With the success of Mandingo, it was inevitable that a follow up would commence.

Based on the novel by Kyle Onstott, Drum is a sort of semi-sequel/spin off to his previous book, Mandingo, made into a movie by Richard Fleischer two years prior.

However, where Fleischer at least tried to make a serious film, director Steve Carver goes straight for the exploitation element that the original was accused of.

Perry King had the wisdom not to return as the handsome Hammond Maxwell, so his part is played by the gruff Warren Oates. 

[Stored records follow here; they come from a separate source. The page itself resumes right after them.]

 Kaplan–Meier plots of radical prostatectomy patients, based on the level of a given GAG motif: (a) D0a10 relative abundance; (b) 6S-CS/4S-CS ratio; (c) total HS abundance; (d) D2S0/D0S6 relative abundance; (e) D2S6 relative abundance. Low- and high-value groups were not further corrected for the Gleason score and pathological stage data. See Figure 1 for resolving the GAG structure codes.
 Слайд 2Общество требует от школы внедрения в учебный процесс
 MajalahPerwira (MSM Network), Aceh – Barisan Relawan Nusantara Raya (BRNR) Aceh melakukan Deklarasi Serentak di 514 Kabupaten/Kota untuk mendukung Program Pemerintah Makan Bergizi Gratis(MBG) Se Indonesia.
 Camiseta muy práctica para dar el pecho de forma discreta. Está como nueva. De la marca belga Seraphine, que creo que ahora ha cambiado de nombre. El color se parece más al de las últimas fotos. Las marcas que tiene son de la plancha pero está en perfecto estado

Oates takes the proceedings as though he’s in a play, rather than a film, hamming it up and overacting so much that he couldn’t get a part in an Australian soap.

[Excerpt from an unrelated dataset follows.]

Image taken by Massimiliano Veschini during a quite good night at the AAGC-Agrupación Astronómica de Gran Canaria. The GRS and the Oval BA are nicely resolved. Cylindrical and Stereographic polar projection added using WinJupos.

Clearly never having seen the ’74 film, Oates does away with all of King’s characterisation and substitutes his own, even going so far as to forget that Hammond is supposed to have an injured leg. To portray the slave owner, Oates plays the character as a black hating scumbag, with no hope of redemption or any laudable qualities. King’s portrayal was of an awful man but who had love inside him and was a man of the times.

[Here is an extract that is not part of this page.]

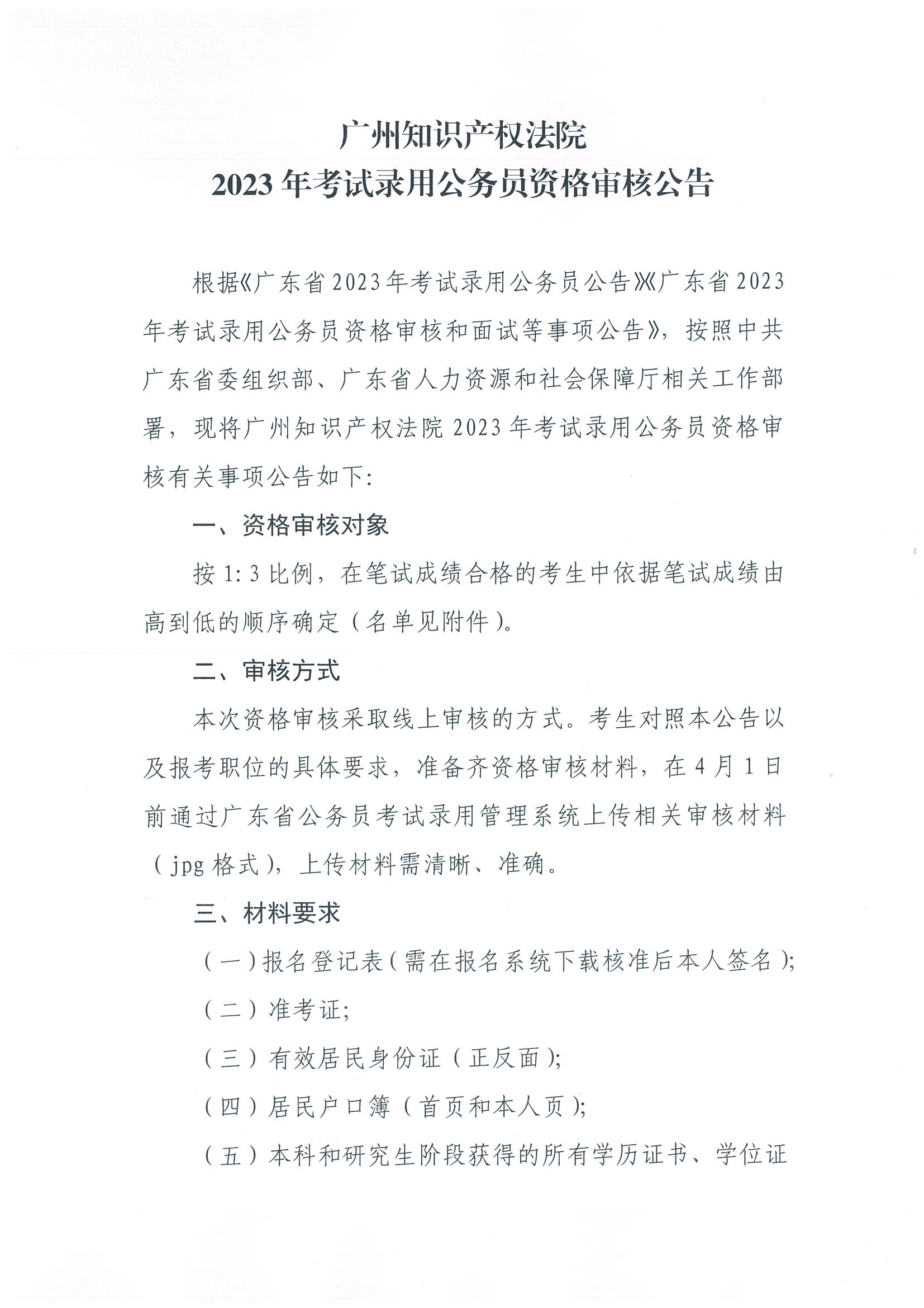 廣州知識產(chǎn)權(quán)法院2023年考試錄用公務員資格審核公告

Like the original, Drum was scripted by Norman Wexler but, this time, he seems to have intentionally written the film as a parody of his earlier work, Mandingo.

Regarding the use of slur words against black people, Wexler’s Fleischer directed script was quite staid, with only a handful of prejoratives employed.

Here, the n-word is thrown about, liberally, by anybody who has lines, to anybody regardless of their colour.

Ken Norton returns, albeit a different character, the titular Drum. In all intents and purposes, Norton’s Drum is just Norton’s Mede from the previous film. 

Drum is, purely, a cash-in on a controversial title while riding the wave of blaxploitation films. 

Pam Grier stars as Drum’s girlfriend, Regine. A popular presence in blaxploitation films of the time, Grier made her mark in Hollywood with titles like The Big Bird Cage, Black Momma White Momma, Coffy and Foxy Brown. Her inclusion to the cast helps support the exploitation theory.

A lot about Drum feels tawdry and sleazy. There doesn’t seem to be anything serious about the film, going for cheap thrills and titillation with sex and violence.

Overacted and campy, Drum is a poor imitation of a not so good film.